**ASSIGNMENT**
Exclude all pictures from your copy of the data below, which should otherwise match exactly.

**GIVEN MATERIAL**
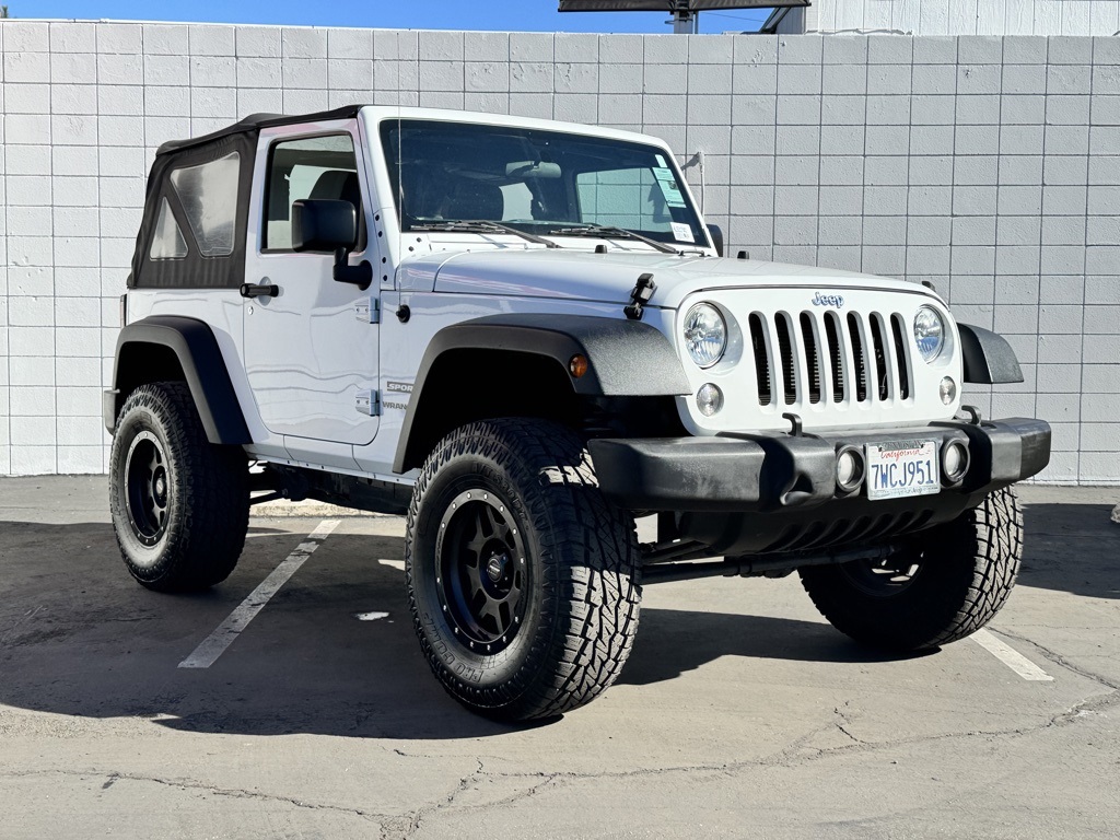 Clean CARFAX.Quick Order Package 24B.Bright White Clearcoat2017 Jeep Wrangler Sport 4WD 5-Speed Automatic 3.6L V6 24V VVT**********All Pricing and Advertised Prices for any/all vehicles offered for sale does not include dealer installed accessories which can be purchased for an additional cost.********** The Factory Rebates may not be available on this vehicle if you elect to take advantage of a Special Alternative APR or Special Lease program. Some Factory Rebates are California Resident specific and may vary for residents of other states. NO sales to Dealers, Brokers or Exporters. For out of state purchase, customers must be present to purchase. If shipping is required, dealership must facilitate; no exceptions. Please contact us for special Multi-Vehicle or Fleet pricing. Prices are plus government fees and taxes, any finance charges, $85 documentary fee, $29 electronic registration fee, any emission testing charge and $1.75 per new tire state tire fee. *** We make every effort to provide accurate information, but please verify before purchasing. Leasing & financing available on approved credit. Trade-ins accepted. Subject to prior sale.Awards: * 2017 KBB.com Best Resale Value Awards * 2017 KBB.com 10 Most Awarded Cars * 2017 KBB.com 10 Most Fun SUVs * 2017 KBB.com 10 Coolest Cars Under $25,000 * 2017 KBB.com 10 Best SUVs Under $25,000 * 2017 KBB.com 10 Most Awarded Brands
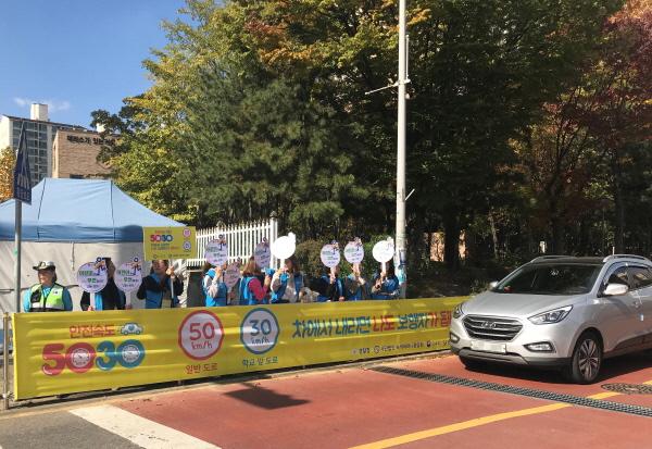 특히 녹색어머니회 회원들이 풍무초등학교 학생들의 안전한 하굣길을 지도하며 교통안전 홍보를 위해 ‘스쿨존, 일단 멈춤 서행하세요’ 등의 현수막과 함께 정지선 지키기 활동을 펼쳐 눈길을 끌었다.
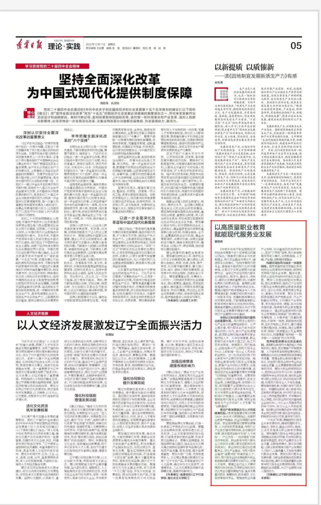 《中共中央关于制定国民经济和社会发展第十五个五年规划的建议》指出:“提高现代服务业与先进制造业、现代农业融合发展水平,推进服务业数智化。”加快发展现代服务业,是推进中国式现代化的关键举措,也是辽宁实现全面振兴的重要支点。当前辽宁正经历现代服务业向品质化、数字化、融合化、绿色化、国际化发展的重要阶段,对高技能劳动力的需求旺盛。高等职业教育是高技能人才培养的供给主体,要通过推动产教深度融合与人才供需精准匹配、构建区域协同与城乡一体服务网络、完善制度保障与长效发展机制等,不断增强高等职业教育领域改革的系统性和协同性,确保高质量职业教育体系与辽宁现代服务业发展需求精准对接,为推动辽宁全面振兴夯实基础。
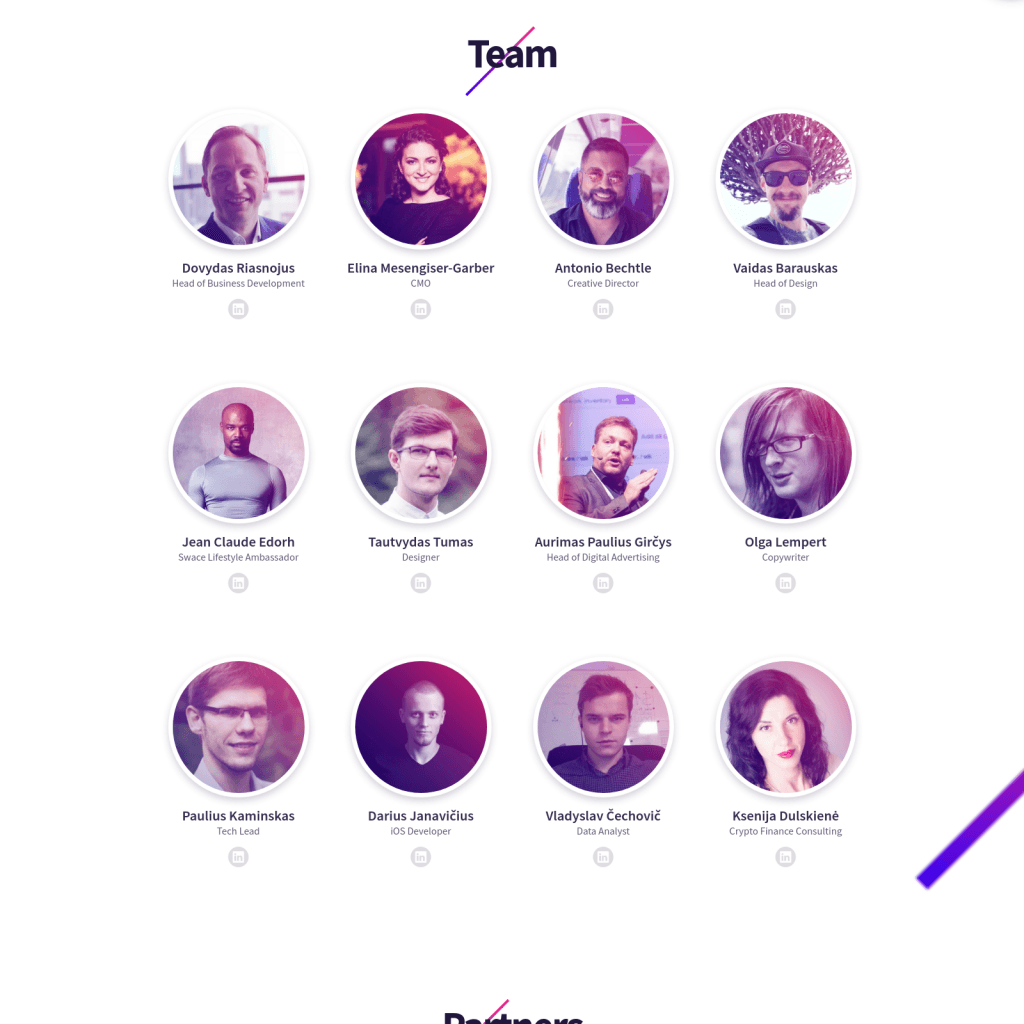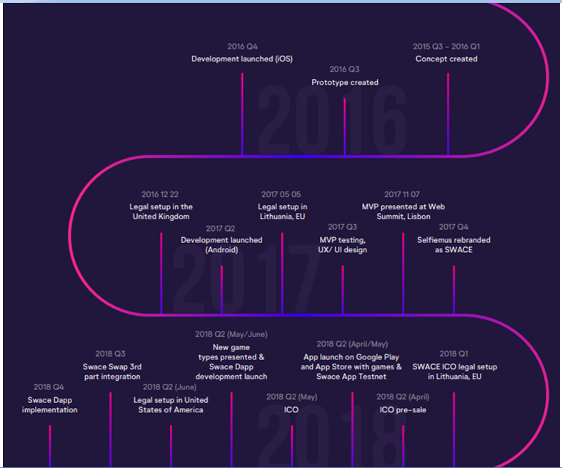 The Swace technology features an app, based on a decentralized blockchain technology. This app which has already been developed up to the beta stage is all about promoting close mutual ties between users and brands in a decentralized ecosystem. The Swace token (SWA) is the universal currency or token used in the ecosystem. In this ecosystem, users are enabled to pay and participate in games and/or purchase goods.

**EXPECTED ANSWER**
 Clean CARFAX.Quick Order Package 24B.Bright White Clearcoat2017 Jeep Wrangler Sport 4WD 5-Speed Automatic 3.6L V6 24V VVT**********All Pricing and Advertised Prices for any/all vehicles offered for sale does not include dealer installed accessories which can be purchased for an additional cost.********** The Factory Rebates may not be available on this vehicle if you elect to take advantage of a Special Alternative APR or Special Lease program. Some Factory Rebates are California Resident specific and may vary for residents of other states. NO sales to Dealers, Brokers or Exporters. For out of state purchase, customers must be present to purchase. If shipping is required, dealership must facilitate; no exceptions. Please contact us for special Multi-Vehicle or Fleet pricing. Prices are plus government fees and taxes, any finance charges, $85 documentary fee, $29 electronic registration fee, any emission testing charge and $1.75 per new tire state tire fee. *** We make every effort to provide accurate information, but please verify before purchasing. Leasing & financing available on approved credit. Trade-ins accepted. Subject to prior sale.Awards: * 2017 KBB.com Best Resale Value Awards * 2017 KBB.com 10 Most Awarded Cars * 2017 KBB.com 10 Most Fun SUVs * 2017 KBB.com 10 Coolest Cars Under $25,000 * 2017 KBB.com 10 Best SUVs Under $25,000 * 2017 KBB.com 10 Most Awarded Brands
 특히 녹색어머니회 회원들이 풍무초등학교 학생들의 안전한 하굣길을 지도하며 교통안전 홍보를 위해 ‘스쿨존, 일단 멈춤 서행하세요’ 등의 현수막과 함께 정지선 지키기 활동을 펼쳐 눈길을 끌었다.
 《中共中央关于制定国民经济和社会发展第十五个五年规划的建议》指出:“提高现代服务业与先进制造业、现代农业融合发展水平,推进服务业数智化。”加快发展现代服务业,是推进中国式现代化的关键举措,也是辽宁实现全面振兴的重要支点。当前辽宁正经历现代服务业向品质化、数字化、融合化、绿色化、国际化发展的重要阶段,对高技能劳动力的需求旺盛。高等职业教育是高技能人才培养的供给主体,要通过推动产教深度融合与人才供需精准匹配、构建区域协同与城乡一体服务网络、完善制度保障与长效发展机制等,不断增强高等职业教育领域改革的系统性和协同性,确保高质量职业教育体系与辽宁现代服务业发展需求精准对接,为推动辽宁全面振兴夯实基础。
 The Swace technology features an app, based on a decentralized blockchain technology. This app which has already been developed up to the beta stage is all about promoting close mutual ties between users and brands in a decentralized ecosystem. The Swace token (SWA) is the universal currency or token used in the ecosystem. In this ecosystem, users are enabled to pay and participate in games and/or purchase goods.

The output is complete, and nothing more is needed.